START RECORDS FOR THIS TASK

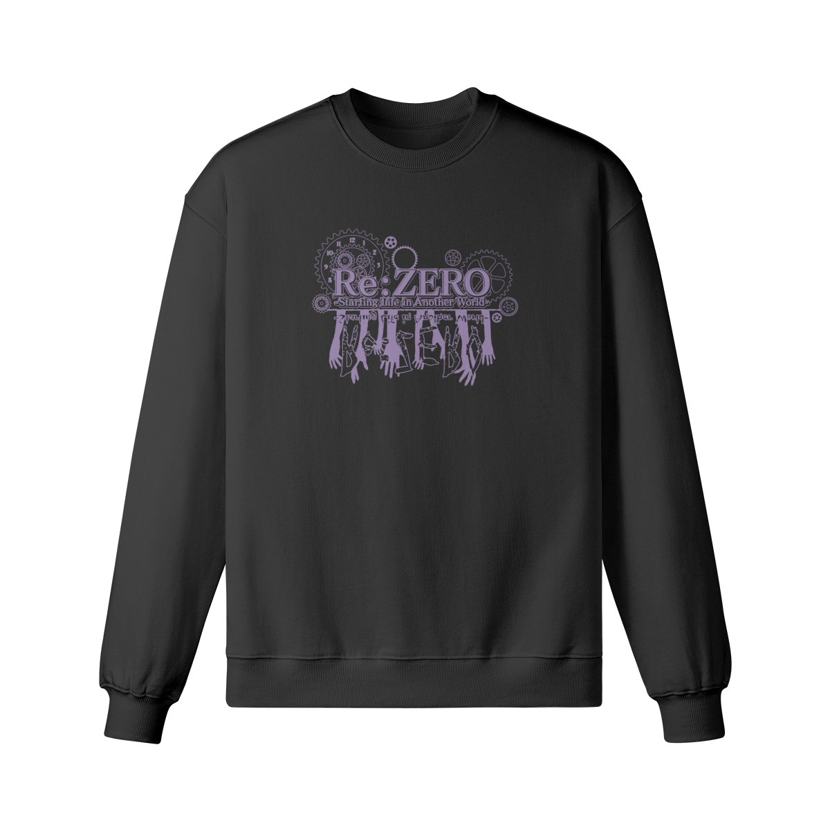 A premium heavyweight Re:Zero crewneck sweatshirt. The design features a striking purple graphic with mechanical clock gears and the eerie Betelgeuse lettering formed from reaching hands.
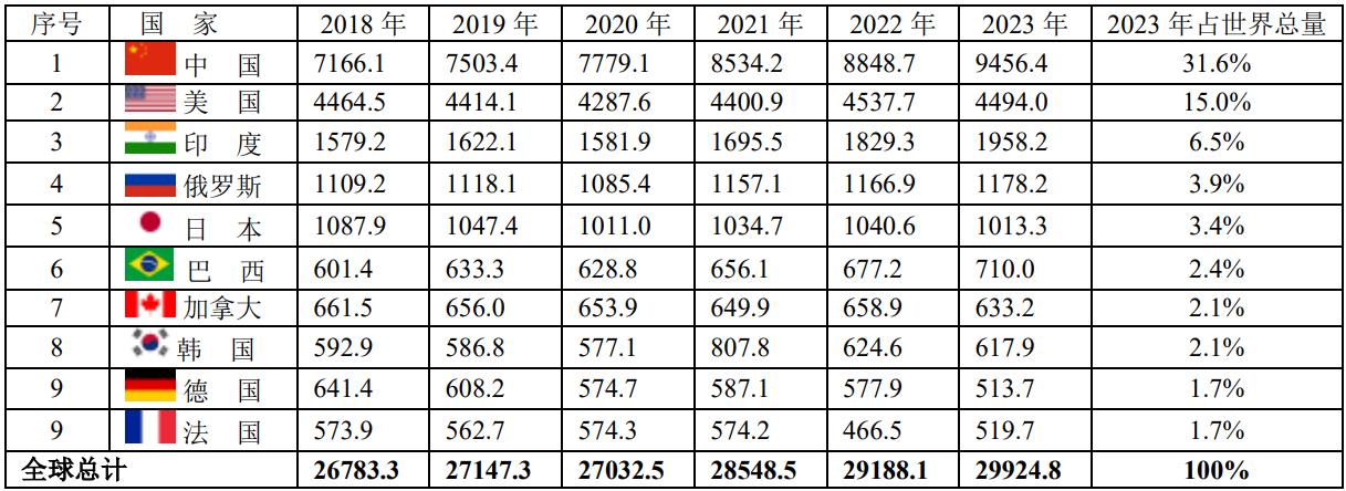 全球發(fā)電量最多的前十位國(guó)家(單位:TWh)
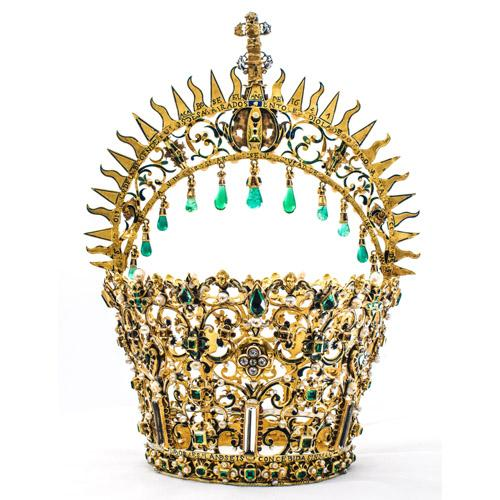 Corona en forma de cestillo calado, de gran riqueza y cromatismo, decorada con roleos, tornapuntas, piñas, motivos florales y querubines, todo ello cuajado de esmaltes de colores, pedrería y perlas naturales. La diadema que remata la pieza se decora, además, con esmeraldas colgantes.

END RECORDS FOR THIS TASK
START RECORDS FOR THIS TASK

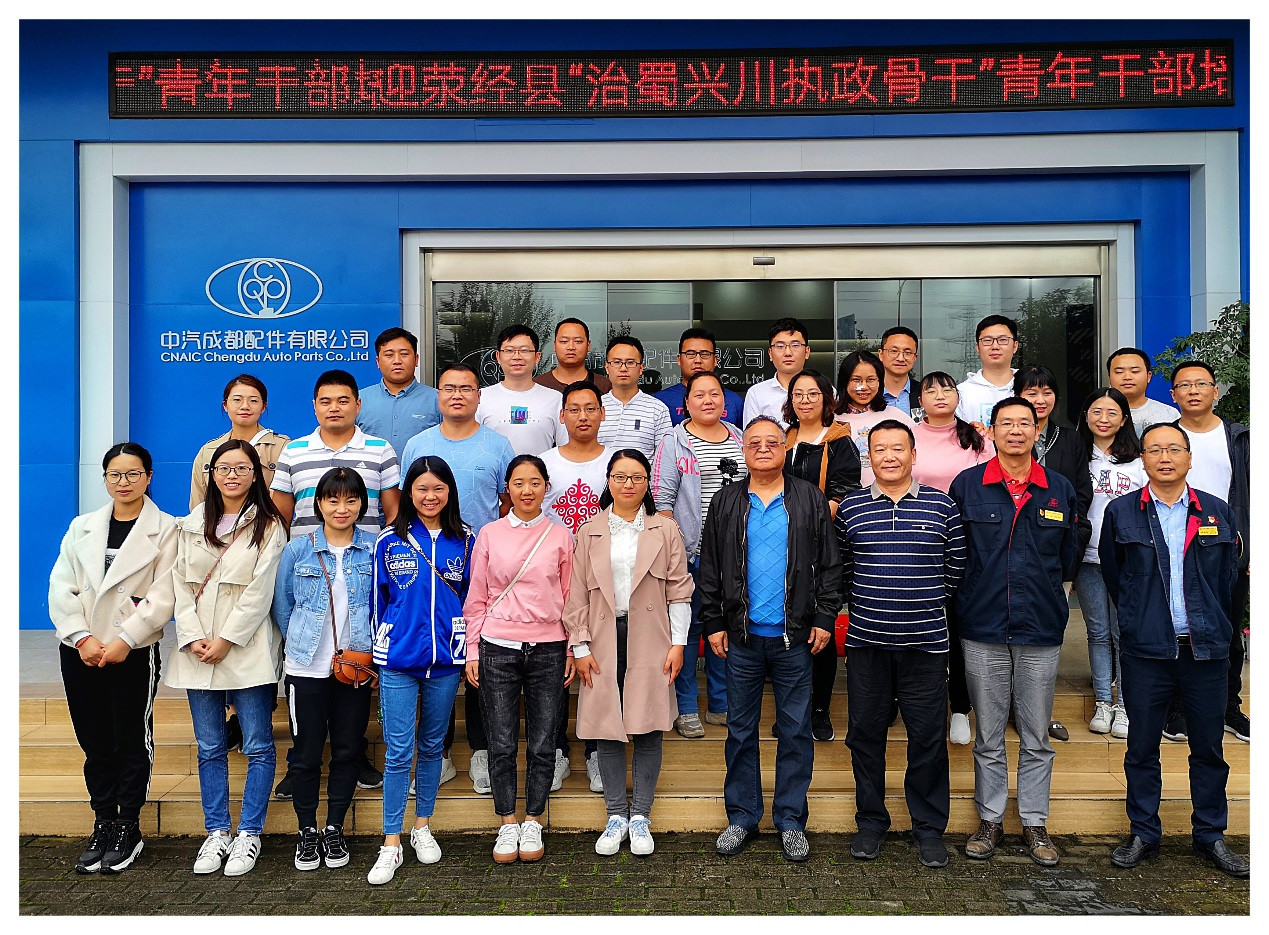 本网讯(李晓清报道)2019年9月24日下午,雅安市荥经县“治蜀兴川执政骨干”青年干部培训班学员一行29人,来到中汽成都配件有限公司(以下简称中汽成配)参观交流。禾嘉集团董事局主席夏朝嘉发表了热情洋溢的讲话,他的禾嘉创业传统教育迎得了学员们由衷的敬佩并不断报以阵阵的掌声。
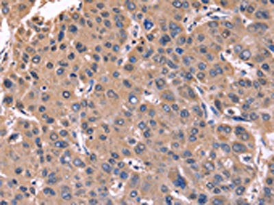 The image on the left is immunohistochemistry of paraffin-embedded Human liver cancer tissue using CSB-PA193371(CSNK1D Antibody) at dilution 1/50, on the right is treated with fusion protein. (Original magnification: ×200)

END RECORDS FOR THIS TASK
START RECORDS FOR THIS TASK

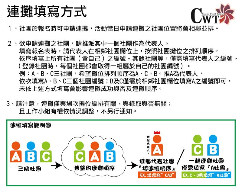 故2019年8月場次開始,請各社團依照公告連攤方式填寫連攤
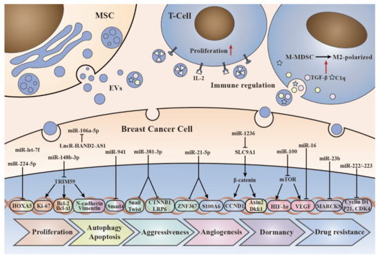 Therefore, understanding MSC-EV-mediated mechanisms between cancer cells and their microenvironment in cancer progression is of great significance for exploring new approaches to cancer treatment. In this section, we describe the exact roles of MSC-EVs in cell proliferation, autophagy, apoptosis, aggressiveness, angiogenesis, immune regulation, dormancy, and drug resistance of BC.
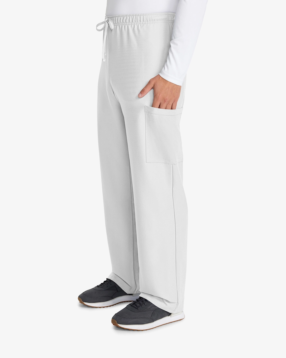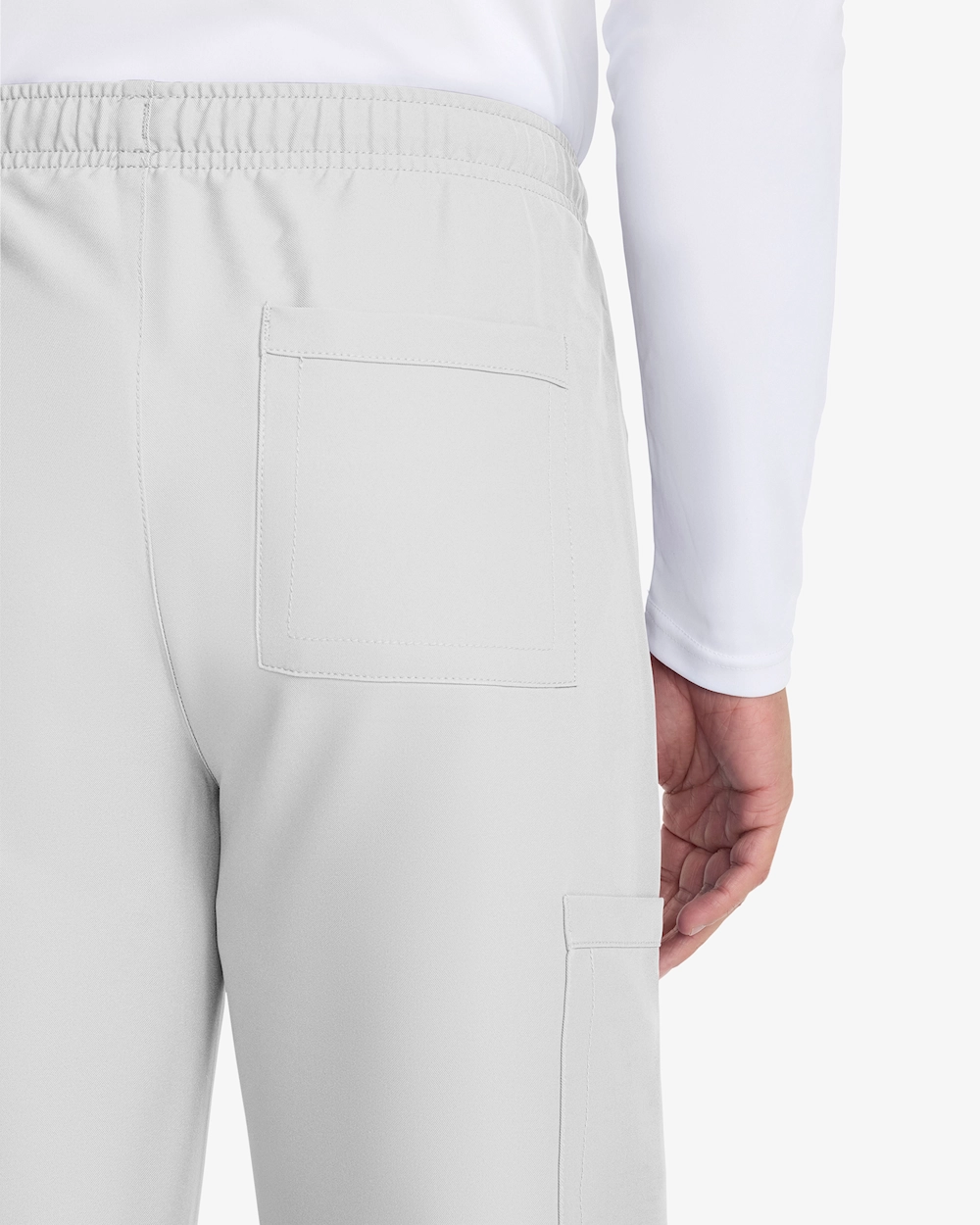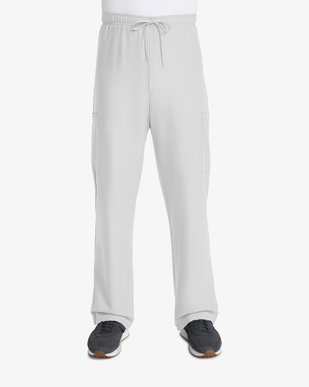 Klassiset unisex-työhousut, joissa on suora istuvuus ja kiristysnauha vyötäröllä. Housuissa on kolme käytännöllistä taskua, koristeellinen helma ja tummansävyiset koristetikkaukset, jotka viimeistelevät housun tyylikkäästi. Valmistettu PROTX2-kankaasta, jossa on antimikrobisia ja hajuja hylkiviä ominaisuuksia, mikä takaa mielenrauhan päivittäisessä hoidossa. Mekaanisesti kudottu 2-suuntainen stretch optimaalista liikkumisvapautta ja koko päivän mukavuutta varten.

END RECORDS FOR THIS TASK

* _EXERCISE BRIEF_: Your copy should hold only the lines above from the one containing "A premium heavyweight" through the one containing "全球發(fā)電量最多的前十位國(guó)家(單位:TWh)", exactly as written and free of pictures.

* _EXERCISE RESULT_:
 A premium heavyweight Re:Zero crewneck sweatshirt. The design features a striking purple graphic with mechanical clock gears and the eerie Betelgeuse lettering formed from reaching hands.
 全球發(fā)電量最多的前十位國(guó)家(單位:TWh)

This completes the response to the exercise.